**What you should do**
Repeat the lines below exactly as they appear, but leave out the images.

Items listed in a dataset
Content starts

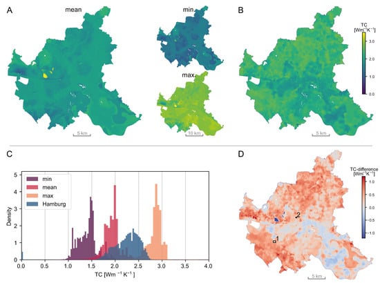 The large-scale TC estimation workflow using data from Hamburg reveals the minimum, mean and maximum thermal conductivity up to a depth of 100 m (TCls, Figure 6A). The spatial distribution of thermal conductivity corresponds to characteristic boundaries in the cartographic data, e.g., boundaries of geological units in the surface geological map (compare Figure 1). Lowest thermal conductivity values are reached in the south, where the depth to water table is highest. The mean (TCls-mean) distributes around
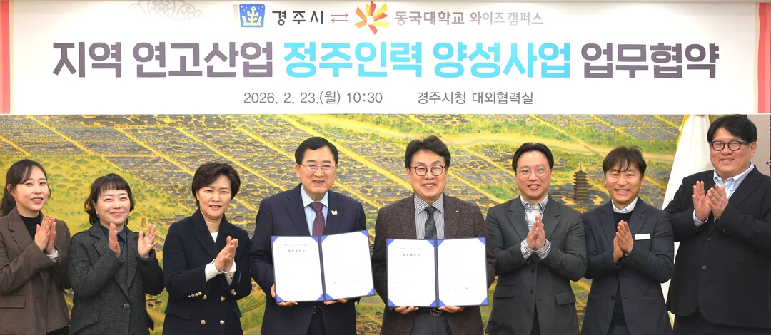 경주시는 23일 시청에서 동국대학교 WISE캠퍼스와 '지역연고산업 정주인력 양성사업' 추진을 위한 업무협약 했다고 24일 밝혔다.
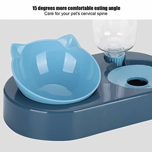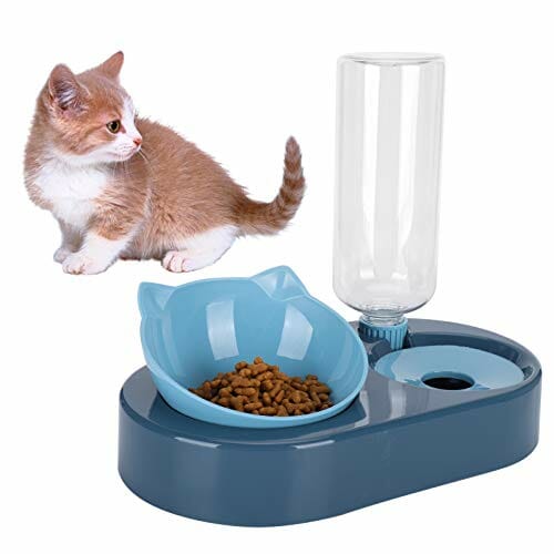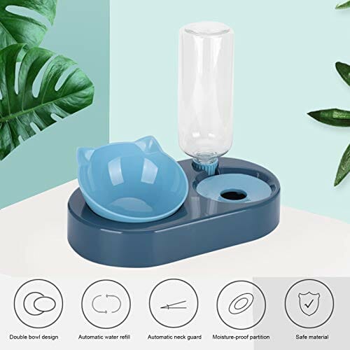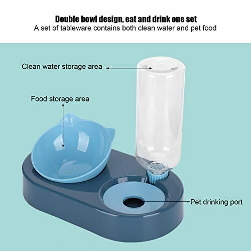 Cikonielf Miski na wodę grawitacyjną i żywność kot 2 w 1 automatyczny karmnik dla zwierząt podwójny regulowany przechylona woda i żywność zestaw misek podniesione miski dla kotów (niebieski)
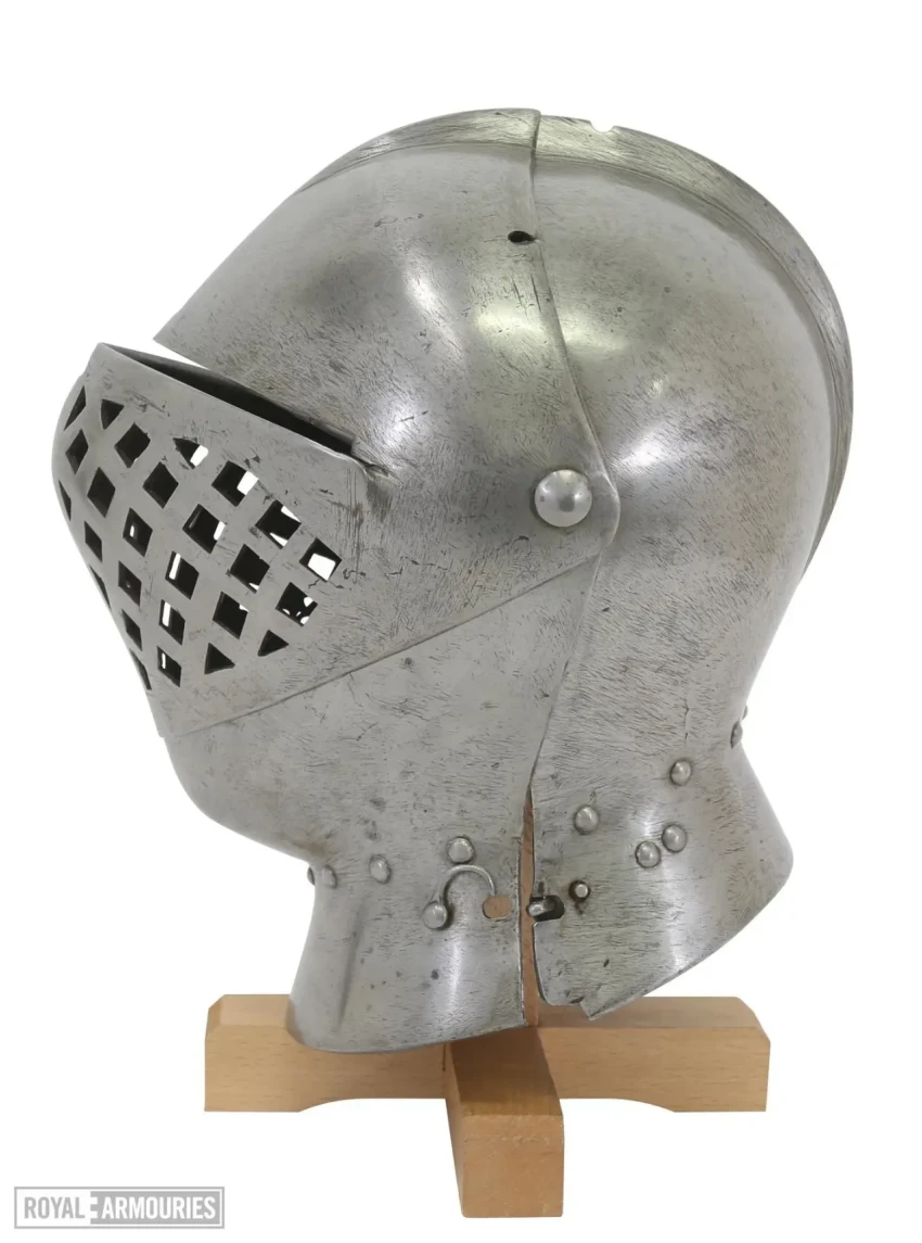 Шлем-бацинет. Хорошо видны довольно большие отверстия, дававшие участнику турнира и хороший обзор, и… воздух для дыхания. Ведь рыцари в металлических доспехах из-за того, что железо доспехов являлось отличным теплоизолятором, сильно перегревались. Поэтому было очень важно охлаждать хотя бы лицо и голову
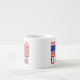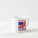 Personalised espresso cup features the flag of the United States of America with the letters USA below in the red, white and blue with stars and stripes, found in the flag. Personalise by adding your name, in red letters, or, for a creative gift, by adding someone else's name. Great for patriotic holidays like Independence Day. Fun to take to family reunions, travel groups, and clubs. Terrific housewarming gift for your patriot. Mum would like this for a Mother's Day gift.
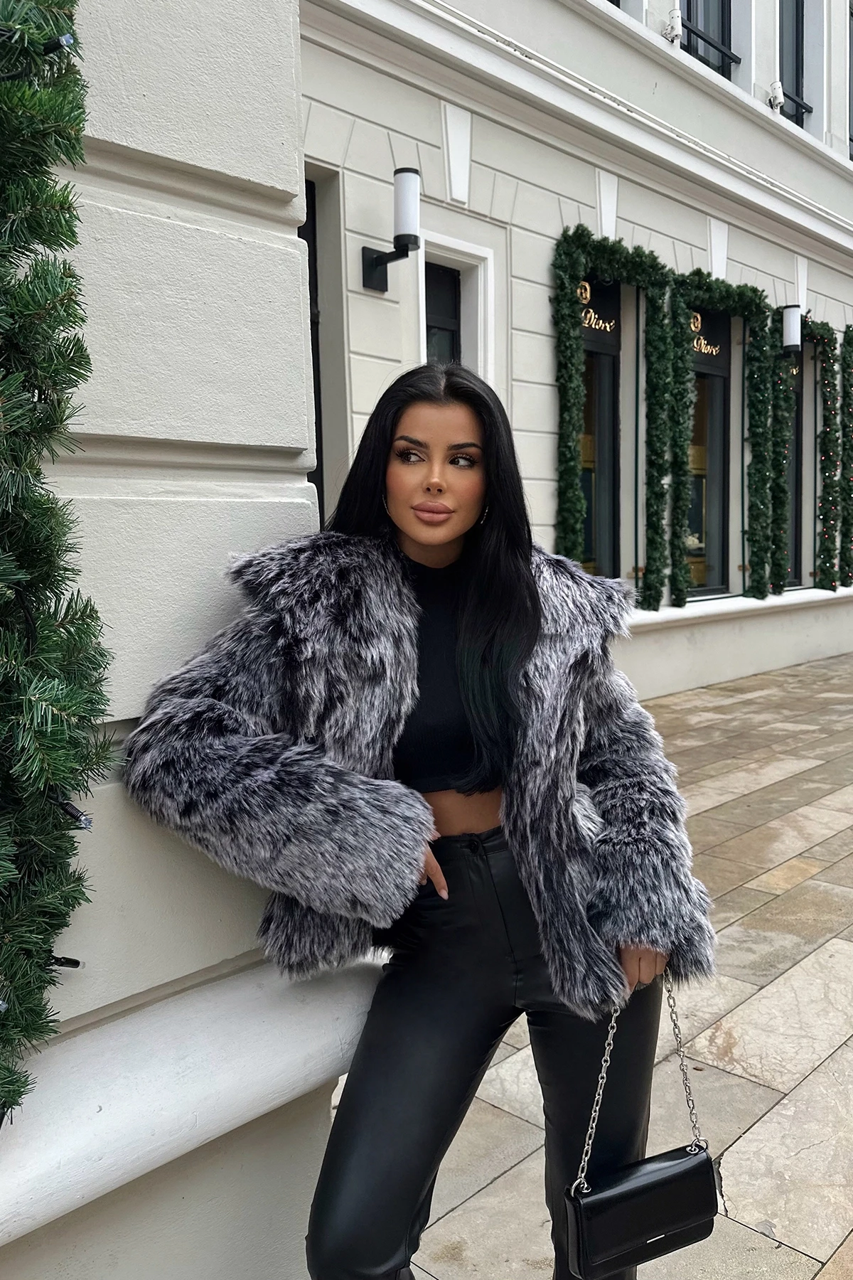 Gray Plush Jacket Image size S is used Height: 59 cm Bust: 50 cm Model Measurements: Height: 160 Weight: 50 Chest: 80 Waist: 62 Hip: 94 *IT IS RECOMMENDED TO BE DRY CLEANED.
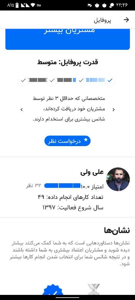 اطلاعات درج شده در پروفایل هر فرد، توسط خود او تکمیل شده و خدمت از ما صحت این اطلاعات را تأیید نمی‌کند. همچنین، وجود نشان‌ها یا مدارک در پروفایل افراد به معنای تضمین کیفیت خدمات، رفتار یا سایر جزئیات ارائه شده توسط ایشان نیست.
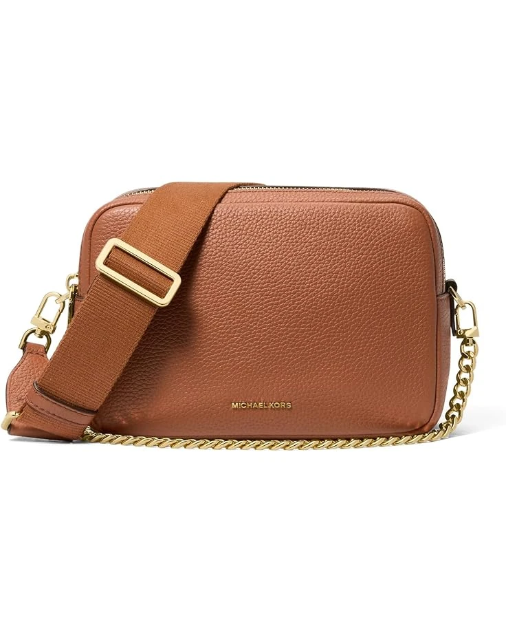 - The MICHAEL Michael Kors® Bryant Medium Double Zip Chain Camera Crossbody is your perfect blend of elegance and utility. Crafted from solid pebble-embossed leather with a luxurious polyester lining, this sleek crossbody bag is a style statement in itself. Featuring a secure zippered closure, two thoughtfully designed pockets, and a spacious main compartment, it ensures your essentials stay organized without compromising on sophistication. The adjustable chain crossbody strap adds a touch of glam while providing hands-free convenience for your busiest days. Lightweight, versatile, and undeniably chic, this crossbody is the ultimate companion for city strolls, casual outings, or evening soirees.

Content ends

**Exercise response**
 The large-scale TC estimation workflow using data from Hamburg reveals the minimum, mean and maximum thermal conductivity up to a depth of 100 m (TCls, Figure 6A). The spatial distribution of thermal conductivity corresponds to characteristic boundaries in the cartographic data, e.g., boundaries of geological units in the surface geological map (compare Figure 1). Lowest thermal conductivity values are reached in the south, where the depth to water table is highest. The mean (TCls-mean) distributes around
 경주시는 23일 시청에서 동국대학교 WISE캠퍼스와 '지역연고산업 정주인력 양성사업' 추진을 위한 업무협약 했다고 24일 밝혔다.
 Cikonielf Miski na wodę grawitacyjną i żywność kot 2 w 1 automatyczny karmnik dla zwierząt podwójny regulowany przechylona woda i żywność zestaw misek podniesione miski dla kotów (niebieski)
 Шлем-бацинет. Хорошо видны довольно большие отверстия, дававшие участнику турнира и хороший обзор, и… воздух для дыхания. Ведь рыцари в металлических доспехах из-за того, что железо доспехов являлось отличным теплоизолятором, сильно перегревались. Поэтому было очень важно охлаждать хотя бы лицо и голову
 Personalised espresso cup features the flag of the United States of America with the letters USA below in the red, white and blue with stars and stripes, found in the flag. Personalise by adding your name, in red letters, or, for a creative gift, by adding someone else's name. Great for patriotic holidays like Independence Day. Fun to take to family reunions, travel groups, and clubs. Terrific housewarming gift for your patriot. Mum would like this for a Mother's Day gift.
 Gray Plush Jacket Image size S is used Height: 59 cm Bust: 50 cm Model Measurements: Height: 160 Weight: 50 Chest: 80 Waist: 62 Hip: 94 *IT IS RECOMMENDED TO BE DRY CLEANED.
 اطلاعات درج شده در پروفایل هر فرد، توسط خود او تکمیل شده و خدمت از ما صحت این اطلاعات را تأیید نمی‌کند. همچنین، وجود نشان‌ها یا مدارک در پروفایل افراد به معنای تضمین کیفیت خدمات، رفتار یا سایر جزئیات ارائه شده توسط ایشان نیست.
 - The MICHAEL Michael Kors® Bryant Medium Double Zip Chain Camera Crossbody is your perfect blend of elegance and utility. Crafted from solid pebble-embossed leather with a luxurious polyester lining, this sleek crossbody bag is a style statement in itself. Featuring a secure zippered closure, two thoughtfully designed pockets, and a spacious main compartment, it ensures your essentials stay organized without compromising on sophistication. The adjustable chain crossbody strap adds a touch of glam while providing hands-free convenience for your busiest days. Lightweight, versatile, and undeniably chic, this crossbody is the ultimate companion for city strolls, casual outings, or evening soirees.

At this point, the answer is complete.